__What to produce__
Print the lines below word for word, beginning with the first and ending with the line that holds "Dokulu Sweat & Pantolon , Ekru Takım", and skip every picture.

__Saved data entries__

-- Opening Marker --

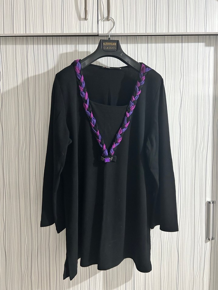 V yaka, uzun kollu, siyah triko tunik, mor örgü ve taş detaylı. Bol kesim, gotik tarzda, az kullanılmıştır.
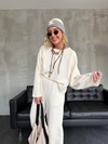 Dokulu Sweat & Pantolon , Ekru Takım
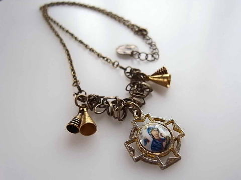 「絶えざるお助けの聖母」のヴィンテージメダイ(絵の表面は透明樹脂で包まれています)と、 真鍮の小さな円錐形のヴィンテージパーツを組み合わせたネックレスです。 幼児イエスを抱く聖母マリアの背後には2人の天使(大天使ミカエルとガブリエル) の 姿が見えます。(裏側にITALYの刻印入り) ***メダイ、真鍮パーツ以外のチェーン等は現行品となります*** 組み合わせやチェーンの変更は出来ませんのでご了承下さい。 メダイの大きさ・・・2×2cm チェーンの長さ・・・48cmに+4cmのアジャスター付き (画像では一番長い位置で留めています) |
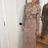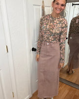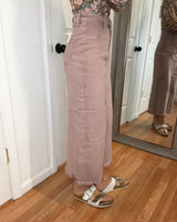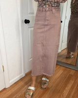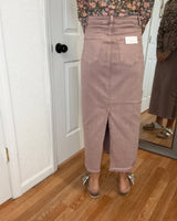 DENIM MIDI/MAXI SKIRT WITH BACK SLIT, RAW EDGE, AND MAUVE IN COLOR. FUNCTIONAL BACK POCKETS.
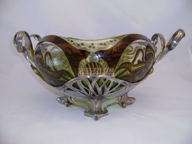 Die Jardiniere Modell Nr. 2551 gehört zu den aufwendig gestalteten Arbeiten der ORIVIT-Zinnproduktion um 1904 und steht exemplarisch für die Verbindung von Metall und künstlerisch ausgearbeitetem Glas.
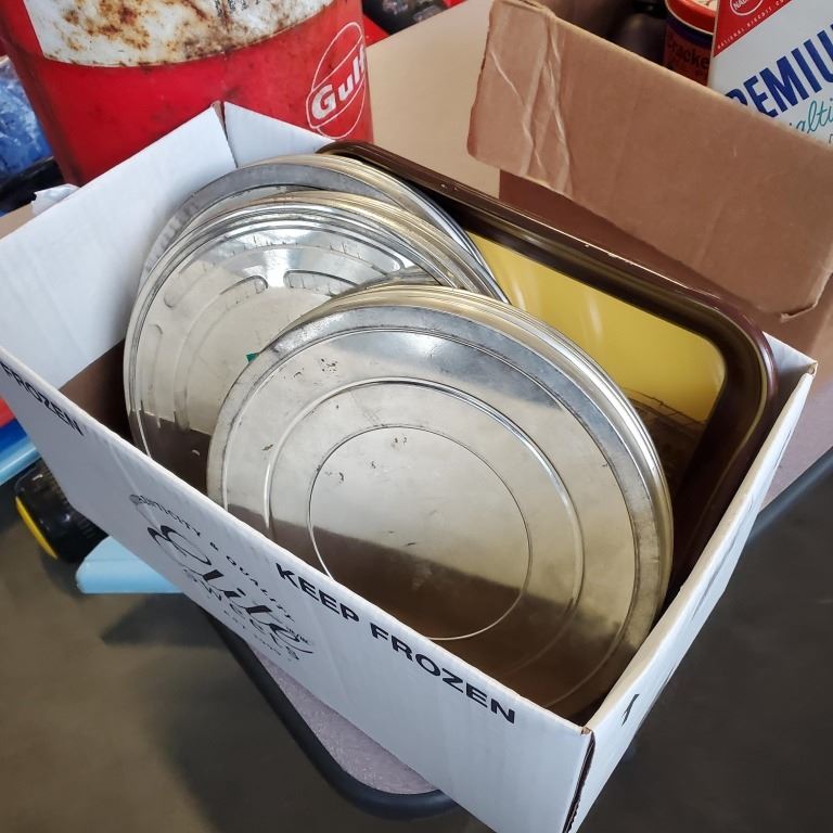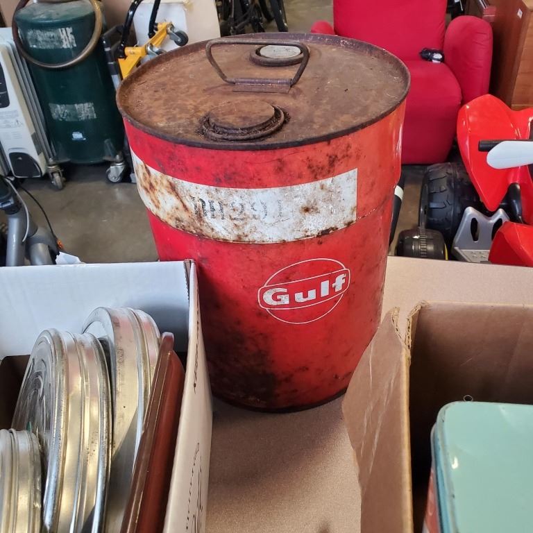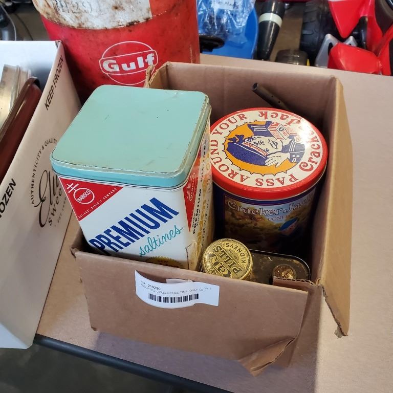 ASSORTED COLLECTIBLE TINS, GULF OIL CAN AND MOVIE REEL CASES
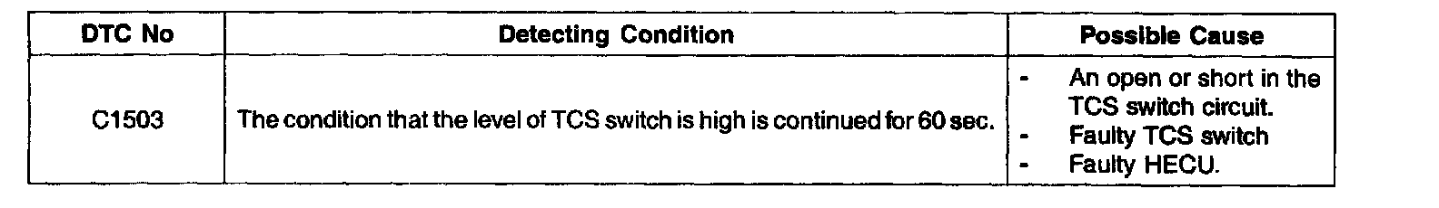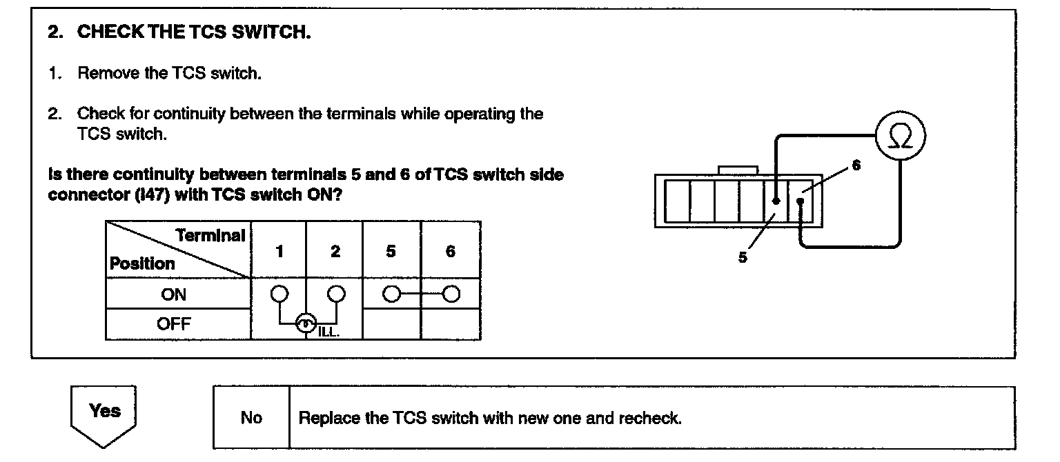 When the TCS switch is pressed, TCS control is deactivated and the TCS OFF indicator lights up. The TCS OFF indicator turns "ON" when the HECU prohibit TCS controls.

-- Closing Marker --

__Reply to the task__
 V yaka, uzun kollu, siyah triko tunik, mor örgü ve taş detaylı. Bol kesim, gotik tarzda, az kullanılmıştır.
 Dokulu Sweat & Pantolon , Ekru Takım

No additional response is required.